I hate to sound like a heartless Mr. Jaggers or psychotic social-Darwinist, but I think the key to the improvement of leadership is removal of "dead wood." An attempt to purge the ineffective and lazy from leadership through a fundamental cultural change of the class (i.e. from a class where not showing is totally admissible, to one where non-participation is totally unadmissible). Lovelin's already part of the way there, but it's going to take more new people who are not burdened by the old ideas of laziness. Essentially transform leadership from a largely obnoxious group of popularity-elected bozos, to a group of artistic, intelligent, and dedicated individuals. But then again, the fundamental problem with democratic systems is that they appeal to the masses, who may not have the best judgement on the proper course for a society. Explained in US history-terms, it's like the difference between the Harding administration and the Kennedy administration.

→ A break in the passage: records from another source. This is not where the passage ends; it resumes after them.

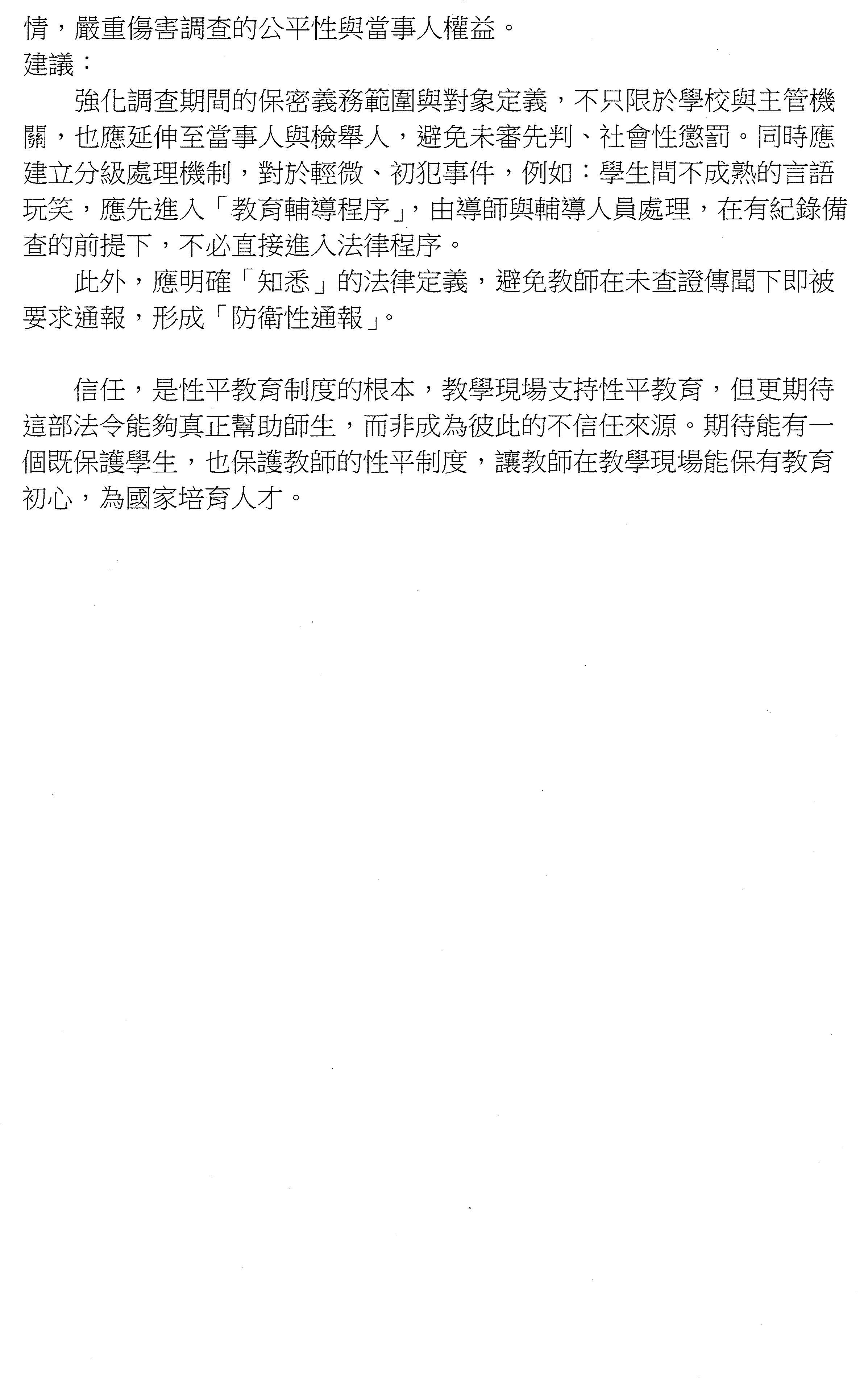 另外,在調查人員方面,在教學實務面上會有一些調查人員的確是性平認知比較不足,這部分希望在縣市能有審核的機制,如果有審核機制的話,應該可以將這些具有調查人員身分但是不具備性平知能的人移除,這部分也可以落實到我們的行政調查上可以受到更多的信任及肯定。
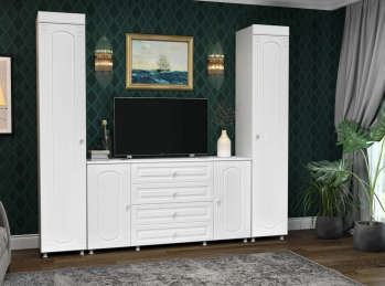 Гостиная Афина-6 – яркий и современный комплект для гостиной. Отличительная особенность серии – это фасады из высококачественной МДФ с объемным узором.
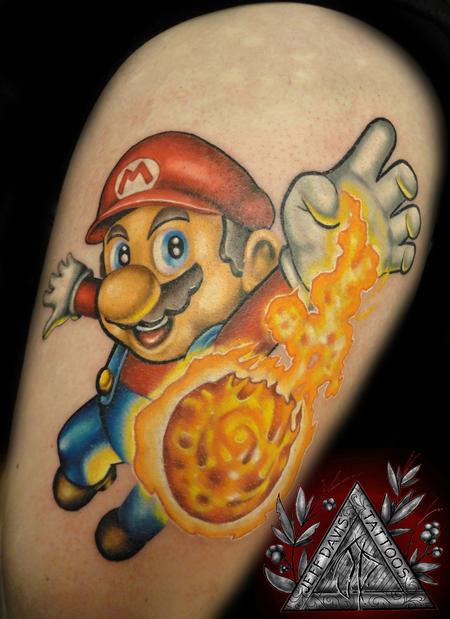 Mario throwing a fireball. This tattoo was originally drawn for another client and he did not like it but I did so just had to tattoo it. And now its one of my favorite tattoos Ive done.
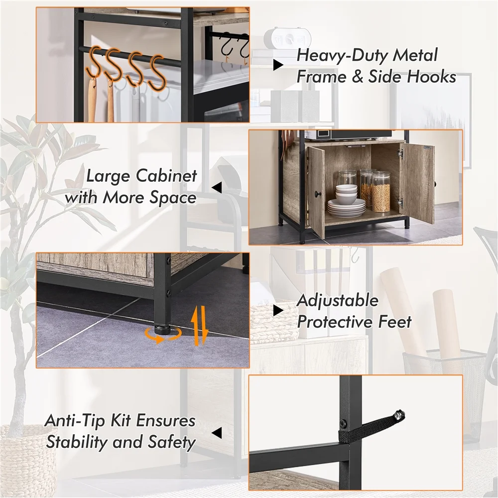 $88.57Declutter your kitchen or living room with this chic utility storage shelf with a cabinet. Founded atop four legs in a matte black finish, this piece features a quality iron frame, CARB P2 compliant manufactured wood, and water- and heat-resistant veneer that’s very easy to clean. Offering 3 multi-sized open shelves and a roomy storage compartment, you can put go-to kitchen needs and smaller appliances like microwaves, and coffee makers corralled and handy. Eight ball-end S-hooks keep potholders, mugs, and dishcloths dry and clean. The weather-worn look contrasts nicely against the black metal frame, which makes this baker’s rack a perfect addition to a variety of styles, especially rustic barn-style and industrial design.
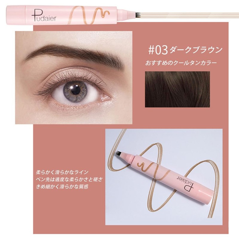 4D Liquid Eyebrow 4 Prong Eyebrow Pencil "36H Lasting Effectiveness" Tattoo Eyebrow Pencil Long Lasting Natural Colored Permanent Eyebrow Cosmetics 4 Tipped Precise Brow Pen,4 Tip Eyebrow(03# Dark
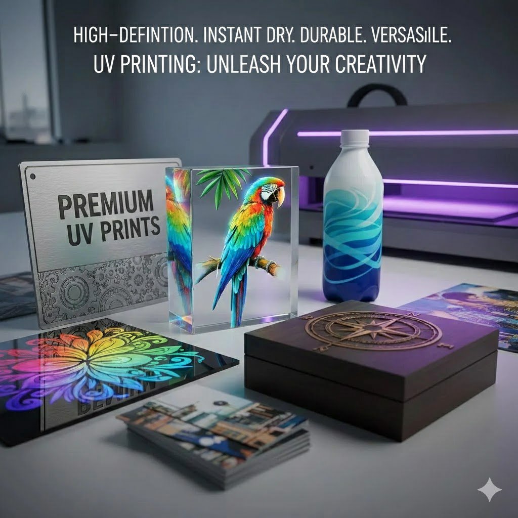UV printing delivers premium, high-definition prints with vibrant colors and exceptional durability. Using advanced ultraviolet curing technology, the ink dries instantly, allowing for sharp details, rich color depth, and a smooth, high-quality finish.
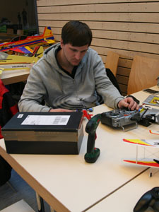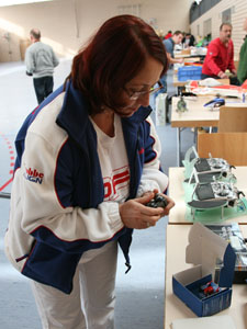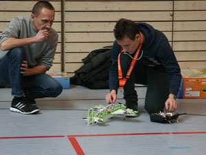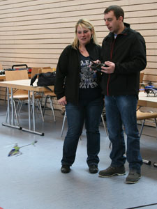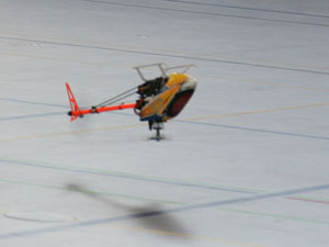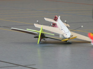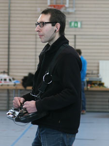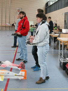Sobald zwei oder mehr Modelle in der Luft sind, treffen sie sich in einem Punkt. Würde man hier Wahrscheinlichkeitsbetrachtungen anstellen und fragen, wie hoch die Wahrscheinlichkeit ist, dass sich ein Mikroquadrocopter und ein Mikroheli zufällig in der Halle treffen, wäre man bei Wahrscheinlichkeitswerten eines Lottogewinns. Irgend wie kann die Mathematik nicht stimmen, sagt mir mein Bauchgefühl, denn es vergehen keine 10 Minuten, ohne dass es scheppert. Da sich aber die Schäden in der Regel in Grenzen halten, haben sowohl Piloten als auch Zuschauer ihren Spaß daran ! Ich frage mich nur, warum machen die nicht gleich ein Schwänzchen dran und spielen Air-Combat ! Aber dann treffen sie sich vielleicht nicht mehr ?!
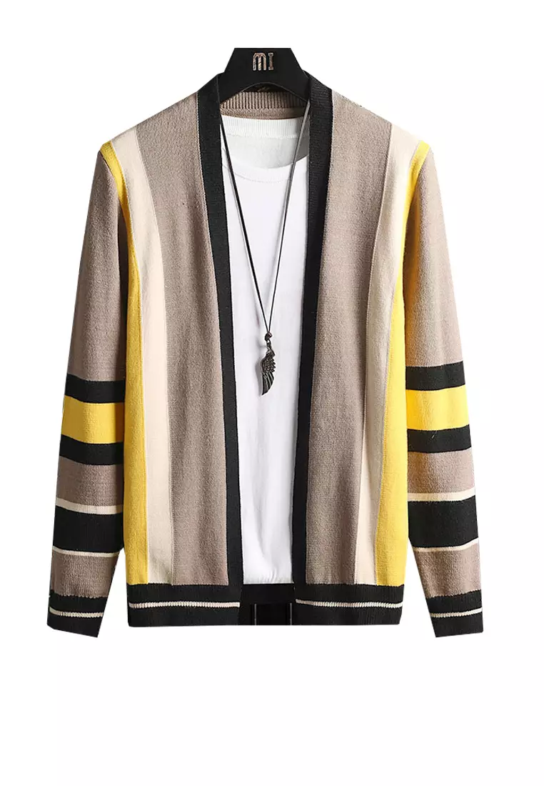 VANSA Fashionable Stripe Stitching Knit Cardigan Jacket VCM-Kw6289

Mahan's speech sounded like an internet forward that I delete weekly. Two others sounded like they had their speeches word by word memorized and came across as very insincere.
Carl Larson should have been the ASB president!!!
Yeah, he probably should have. I admit it, I voted for Mahan, simply because I had already told him I would, and I sit next to him in math. Plus, he's a good student, and I think his speech was simply his giving in to the fact that most of the student body is not impressed by big ideas, but simply by being funny. But I'm sure he'll do a decent job.